Are aliens implausible, or just not useful? Plausible futures and questioning assumptions
Intro to Futures, Week 3
As I see it, the field of futures studies has two interrelated credibility problems: first, by dealing with something that doesn’t yet exist, the work can look as disconnected from reality and rigor as the softest sciences or the kind of clickbait sociology that generates headlines and TED talks but not much insight1; second, because most historical methods of describing the future2 are ludicrous to Enlightment thinking, it’s easy to invoke the image of the “crystal ball” or whatever is conceptually adjacent to dismiss the whole enterprise. The material covered this week spoke to addressing these credibility gaps: first, by making clear that a key part of futures studies is understanding/exposing how people think about the future, and how that thinking can be systematically flawed; second, by litigating exactly how far into the implausible we should search and challenge others to search when imagining future scenarios.

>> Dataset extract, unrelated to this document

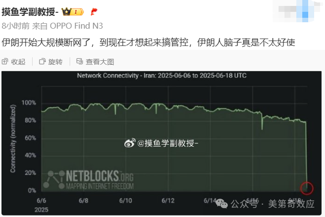 不過也不用單方面嘲諷以色列當鴕鳥,伊朗那邊直接斷了網,把網上不曝就是沒有執行到極致,以色列那邊跟烏克蘭學藉口,伊朗跟東方大國學手段,大家都有美好的前途。

The first article was Futures Fallacies: What They Are and What We Can Do About Them, by Irina Milojevic. This serves as an inventory about the common mistakes people make when imagining future scenarios, along with the adaptive benefit each of these fallacies may provide, the impact/cost, and approaches to reduce our vulnerability to each. As an example, the Planning Fallacy: when people plan for a project, from home remodeling to corporate initiatives to major civic infrastructure, the outcome is almost always significantly later and more expensive than when it was imagined. Even in situations without the principal-agent problem that often compounds this, for example in corporate software development teams that estimate their velocity, it manifests as an apparent result of some irreducible human optimism or myopia. Some of the suggestions for remedies strike me as grasping at straws; for example, reducing the tendency for people to believe that the future is being orchestrated by a sinister cabal by providing rational arguments and/or making people feel more hopeful, powerful, and secure in society - the first strategy seems wildly implausible, and the second seems massively impractical.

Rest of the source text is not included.